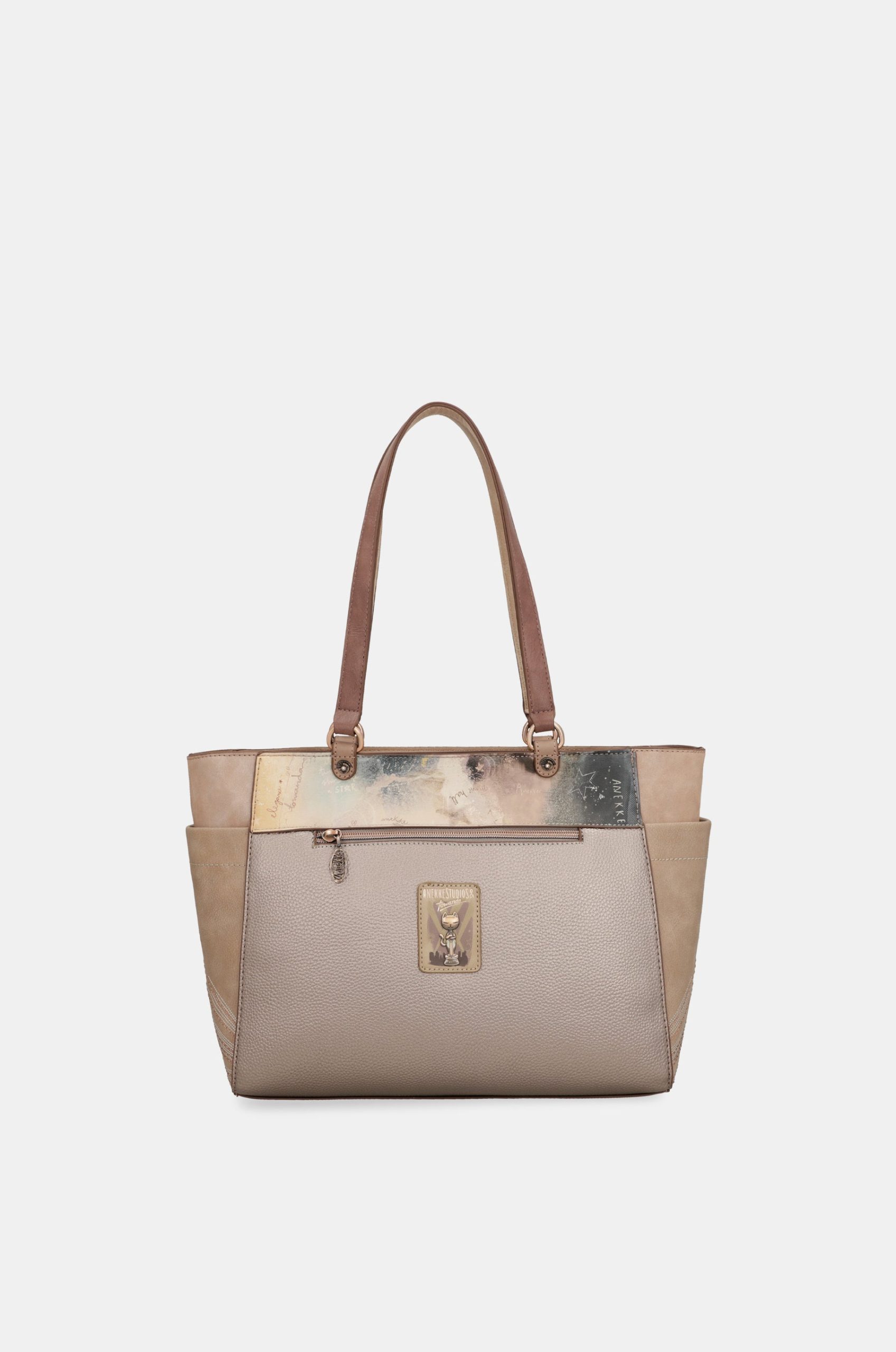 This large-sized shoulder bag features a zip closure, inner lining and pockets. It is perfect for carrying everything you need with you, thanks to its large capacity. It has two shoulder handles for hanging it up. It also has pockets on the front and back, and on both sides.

□ □ □ □ □ □ □

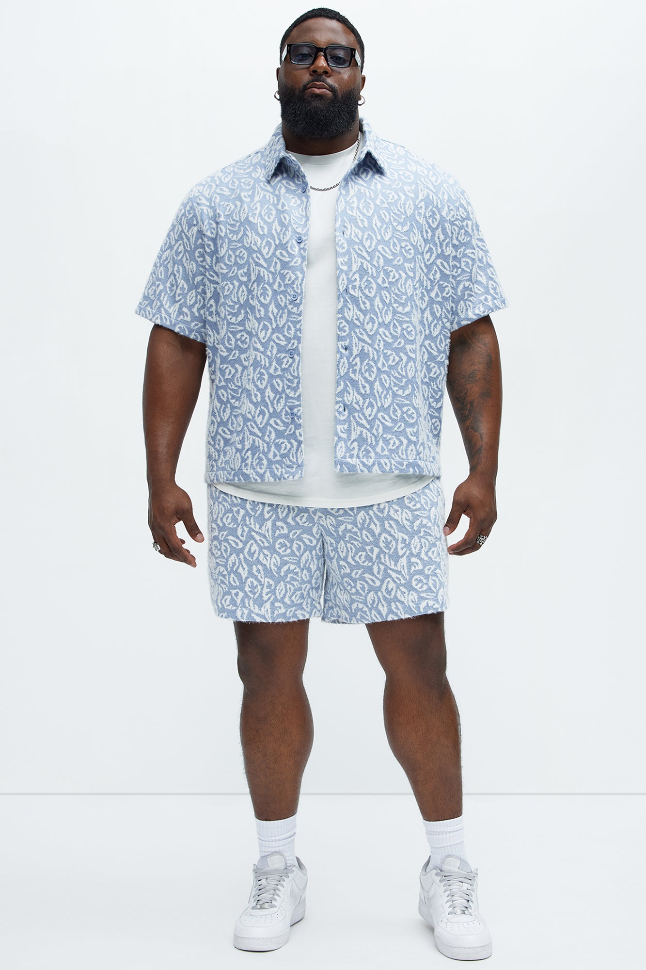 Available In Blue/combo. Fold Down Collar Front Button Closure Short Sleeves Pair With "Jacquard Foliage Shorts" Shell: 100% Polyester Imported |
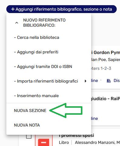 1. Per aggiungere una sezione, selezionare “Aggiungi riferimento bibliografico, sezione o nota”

□ □ □ □ □ □ □

Your task:
Look above for the line with "Available In Blue/combo.", then print it and each line after it down to and including the line with "1. Per aggiungere". Leave out the pictures and keep the wording exact.

Answer space:
 Available In Blue/combo. Fold Down Collar Front Button Closure Short Sleeves Pair With "Jacquard Foliage Shorts" Shell: 100% Polyester Imported |
 1. Per aggiungere una sezione, selezionare “Aggiungi riferimento bibliografico, sezione o nota”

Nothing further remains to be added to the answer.